The Miser, Act II, Scene 5


The translator of The Miser, Konstantinos Oikonomos, was born in 1780 in Tsaritsani, a small town in Thessaly. [
16] His father was a priest who held the administrative position of “Oikonomos” (a dignitary dealing with finances) within the church hierarchy, hence the family surname of Oikonomos. His date of birth falls within the Greek Enlightenment (roughly 1770–1821), and his early education was based on patristic and classical texts. He was reportedly a child prodigy, and his life accomplishments confirmed his brilliant first steps. At an early age he was taught French by a doctor in Ambelakia, and from 1799–1803 he attended the classes of Konstantinos Koumas (1777–1836), one of the most {211|212} prominent and gifted teachers of his time, with a large breadth of knowledge. He married in 1801, and soon after he followed the family tradition and joined the ranks of the church. Upon the death of his father in 1805, he inherited the title and duties of “Oikonomos” and began his career as a preacher. Very soon his fame spread in Thessaly and beyond. His exposure to preaching must have given him a taste of the joys and exultations of acting, as it is known that he was an exceptional orator. [17] In 1806 he was arrested by the men of Ali Pasha and jailed in Ioannina, with the accusation that he was involved in a rebellion coordinated by Papathymios Vlachavas. After he paid the ransom required, he was liberated and returned home. Following his incarceration, after a brief stint in Macedonia, he ended up in Smyrna invited by his old teacher Koumas to teach Greek at the recently established Gymnasium of Smyrna (1809–1819). It is during his tenure at the Smyrna high school that he produced the translation of Molière’s The Miser. In 1819 the Gymnasium of Smyrna was abolished, following strong reactions by conservative quarters of the Greek community, and Oikonomos was fired. [18] After his expulsion from Smyrna, his career moved steadily upward and honors started accumulating.

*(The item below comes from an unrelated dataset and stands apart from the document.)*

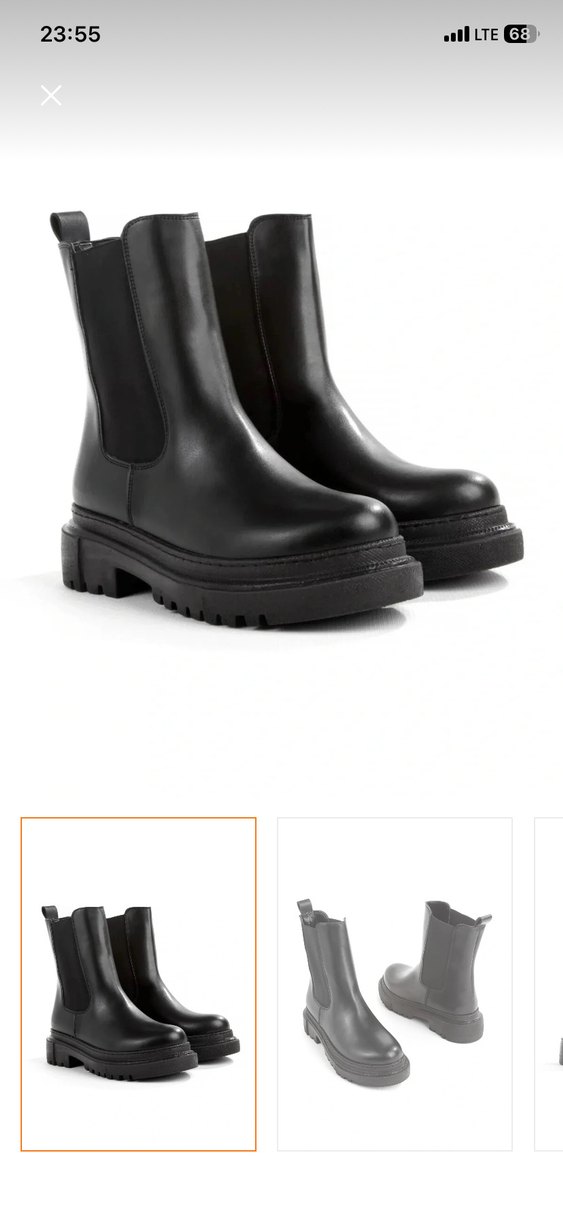 Siyah lastik malzemeden blok topuklu, tokalı kadın botlarıdır. Minimalist goth tarzında, düz ve desensiz tasarıma sahiptir, günlük kullanıma uygundur.

He was transferred to Constantinople, but during the War of Independence he took refuge in Odessa and stayed in Russia until 1832. He returned to Greece with a very high pension for life from the Russian state, and during the last twenty years of his life, from 1837–1857, he lived in Athens, completely devoted to his writings, which made him one of the most prolific and rigid advocates of Orthodoxy. [19]

Preempting possible reactions to his modifications of the original (a pattern that is common among several translators of the early 1800s), Oikonomos poses {212|213} the question: “If Molière crafted his comedy wonderfully, why didn’t you translate it word for word, but instead you initiated changes, and some additions, and omissions?” (ibid., 24). In order to substantiate his argument he composes a brief theory on comedy, combining Aristotelian and nationalist prerogatives and stating its properties and goals:

Comedy is an imitation of a base and ridiculous act, which intends to cure vice painlessly and to teach virtue. In order to achieve this, comedy must imitate well the mores, rituals and the behavior of the nation for which it is produced. Without this national gain, the playwright cannot attract and move the readers or the spectators of his poem. Molière painted the Miser according to the practices of his compatriots. The Greek must paint him according to the habits of his fellow citizens. It is a necessity for theater to be national, and above all for comedy.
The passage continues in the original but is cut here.